EtherealEntity said:


> I've done similar things such as learning songs on bass. When I decided to learn multifinger double handed tapping, starting with The Great Plains by Scale the Summit, I first wrote a Jean Baudin style song on my 6 string bass. It was all I played for a couple of days and my fingers were very sore. The guitar was incredibly easy afterwards.


 You play the song you wrote on bass BEADGC on your guitar?


----------



## Winspear (Jan 6, 2012)

No - I learnt the strength required for 8 finger tapping by composing on bass for a while


----------



## ImBCRichBitch (Jan 6, 2012)

EtherealEntity said:


> No - I learnt the strength required for 8 finger tapping by composing on bass for a while


 Ohh i thought you meant wrote it in that tuning and played it. Thats how i learned how to tap, was bass. and then i just figured out taps already in songs like the solo to Hearts Burst Into Fire by BFMV and the bass taps in the chorus to Happy? by Mudvayne


----------



## veshly (Jan 6, 2012)

I do the same thing with a bass, too. It kind of makes me want to buy a 6 string. 

When I play drums a while ago I'd play with brushes for a few days then switch back to my regular sticks, man, what a difference. SO MUCH POWWAAAA.


----------



## ImBCRichBitch (Jan 6, 2012)

veshly said:


> I do the same thing with a bass, too. It kind of makes me want to buy a 6 string.
> 
> When I play drums a while ago I'd play with brushes for a few days then switch back to my regular sticks, man, what a difference. SO MUCH POWWAAAA.

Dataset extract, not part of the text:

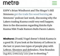 北京时间12月21日,ESPN名记Brian Windhorst在节目中表示,湖人队的主教练认为库兹马并不适合这支球队;Windhorst同时表示,这也是他认为库兹马本赛季表现挣扎的原因。因为沃格尔认为这

 is the powaaa over 9000?  but thats actually a good tip, brushes and sticks. Do you just alternate between the 2?


----------



## Tobi (Jan 6, 2012)

I dont quite play like you do, I normally do practise on a clean channel, just to be sure I play as exact as possible. I wouldnt play a song on a nylon string acoustic though if I would otherwise play it on an electric... just doesnt seem to make much sense to me, epecially in terms of bending and stuff... 
When I compose and write however, I write pretty much the exact same way, I start completely acoustic, I want the song I write to be able to send my message without any effects or distortion, even without bends, heavy vibratos or any stylistic devices. I want the Notes and the rhythm to sound good without having to add anythng else. Just when I know that all that sounds good I add up on that and ty to make it sound more interesting and more 'metal' or whatever. 
So essentially I do a similar thing you do, I take away some of the ease you get with modern tools, and try to make something cool with that. after that perfecting it becomes simpler.


----------



## ImBCRichBitch (Jan 6, 2012)

Tobi said:


> I wouldnt play a song on a nylon string acoustic though if I would otherwise play it on an electric... .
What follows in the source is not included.